• [Record extracts]:
====

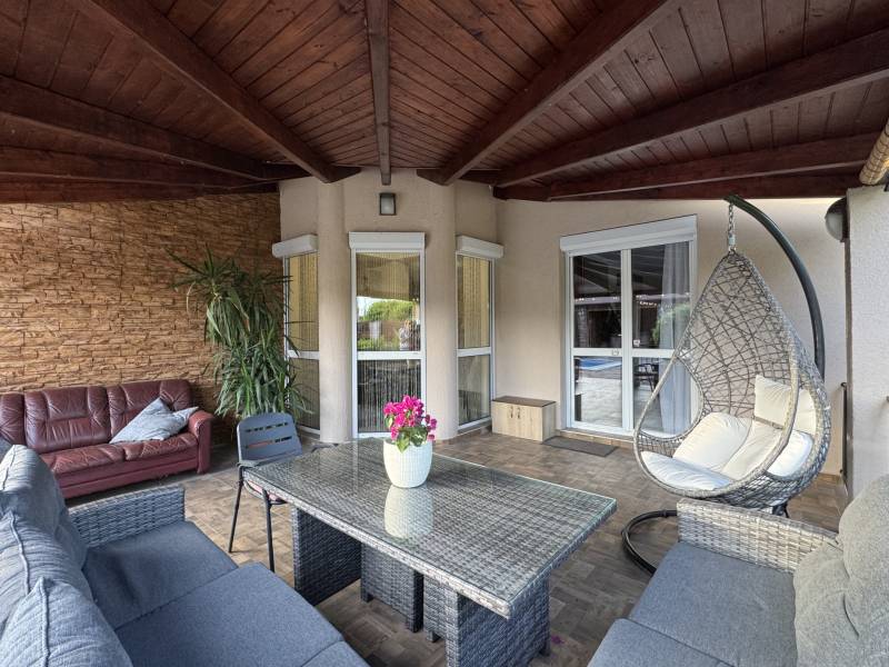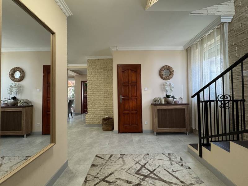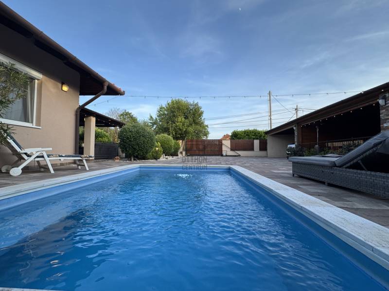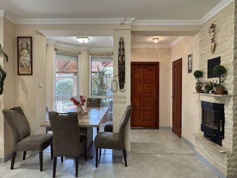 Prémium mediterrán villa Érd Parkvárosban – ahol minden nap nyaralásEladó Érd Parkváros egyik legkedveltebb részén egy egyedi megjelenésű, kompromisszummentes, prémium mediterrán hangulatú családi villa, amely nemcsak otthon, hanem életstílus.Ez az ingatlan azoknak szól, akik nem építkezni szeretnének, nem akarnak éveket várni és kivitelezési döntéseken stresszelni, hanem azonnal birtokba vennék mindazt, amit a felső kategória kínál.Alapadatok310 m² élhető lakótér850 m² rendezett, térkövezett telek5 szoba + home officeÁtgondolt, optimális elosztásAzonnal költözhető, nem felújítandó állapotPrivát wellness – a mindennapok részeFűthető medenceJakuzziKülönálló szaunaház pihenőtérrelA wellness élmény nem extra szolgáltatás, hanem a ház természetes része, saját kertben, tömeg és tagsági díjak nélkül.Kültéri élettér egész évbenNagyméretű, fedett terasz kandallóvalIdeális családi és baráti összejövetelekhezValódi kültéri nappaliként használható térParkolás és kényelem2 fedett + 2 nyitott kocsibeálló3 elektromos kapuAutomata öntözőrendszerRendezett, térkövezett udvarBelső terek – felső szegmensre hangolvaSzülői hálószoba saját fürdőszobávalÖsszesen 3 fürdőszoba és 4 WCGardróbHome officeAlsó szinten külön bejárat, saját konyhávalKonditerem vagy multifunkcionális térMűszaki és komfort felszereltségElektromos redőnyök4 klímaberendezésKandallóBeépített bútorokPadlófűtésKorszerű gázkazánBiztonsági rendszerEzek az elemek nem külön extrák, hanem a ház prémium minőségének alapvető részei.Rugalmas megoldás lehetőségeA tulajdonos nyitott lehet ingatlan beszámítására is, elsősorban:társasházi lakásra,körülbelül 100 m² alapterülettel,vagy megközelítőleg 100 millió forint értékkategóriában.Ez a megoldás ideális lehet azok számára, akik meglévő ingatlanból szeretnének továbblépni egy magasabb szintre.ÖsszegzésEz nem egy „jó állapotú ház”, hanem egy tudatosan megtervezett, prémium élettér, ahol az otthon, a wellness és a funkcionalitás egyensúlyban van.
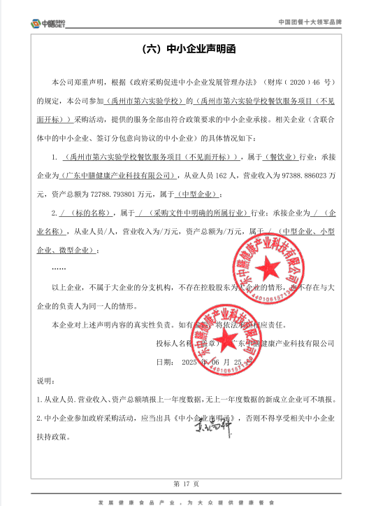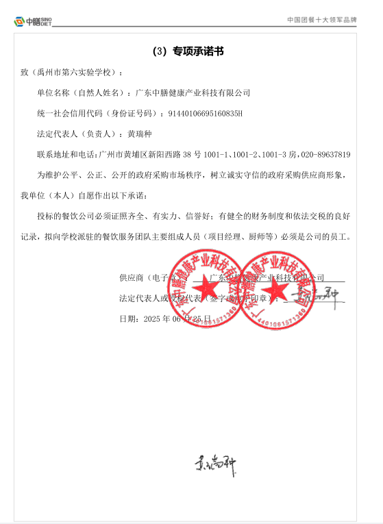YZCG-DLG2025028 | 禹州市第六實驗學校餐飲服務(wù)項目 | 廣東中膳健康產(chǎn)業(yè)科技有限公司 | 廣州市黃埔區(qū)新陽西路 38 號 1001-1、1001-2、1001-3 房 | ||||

====

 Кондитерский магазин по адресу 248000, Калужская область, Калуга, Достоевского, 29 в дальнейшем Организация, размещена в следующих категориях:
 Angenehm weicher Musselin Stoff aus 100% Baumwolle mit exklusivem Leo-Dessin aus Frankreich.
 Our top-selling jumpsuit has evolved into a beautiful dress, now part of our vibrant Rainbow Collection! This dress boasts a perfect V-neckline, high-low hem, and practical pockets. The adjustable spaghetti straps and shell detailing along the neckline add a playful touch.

====

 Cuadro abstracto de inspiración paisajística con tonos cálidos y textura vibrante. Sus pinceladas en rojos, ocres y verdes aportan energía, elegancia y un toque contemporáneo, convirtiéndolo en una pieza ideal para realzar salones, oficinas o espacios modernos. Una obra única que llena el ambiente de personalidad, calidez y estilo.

====

• [Problem description]:
The lines above, starting at the one with "Кондитерский магазин по" and ending at the one with "Our top-selling jumpsuit", are the only ones to return, exactly as written.

• [Response]:
 Кондитерский магазин по адресу 248000, Калужская область, Калуга, Достоевского, 29 в дальнейшем Организация, размещена в следующих категориях:
 Angenehm weicher Musselin Stoff aus 100% Baumwolle mit exklusivem Leo-Dessin aus Frankreich.
 Our top-selling jumpsuit has evolved into a beautiful dress, now part of our vibrant Rainbow Collection! This dress boasts a perfect V-neckline, high-low hem, and practical pockets. The adjustable spaghetti straps and shell detailing along the neckline add a playful touch.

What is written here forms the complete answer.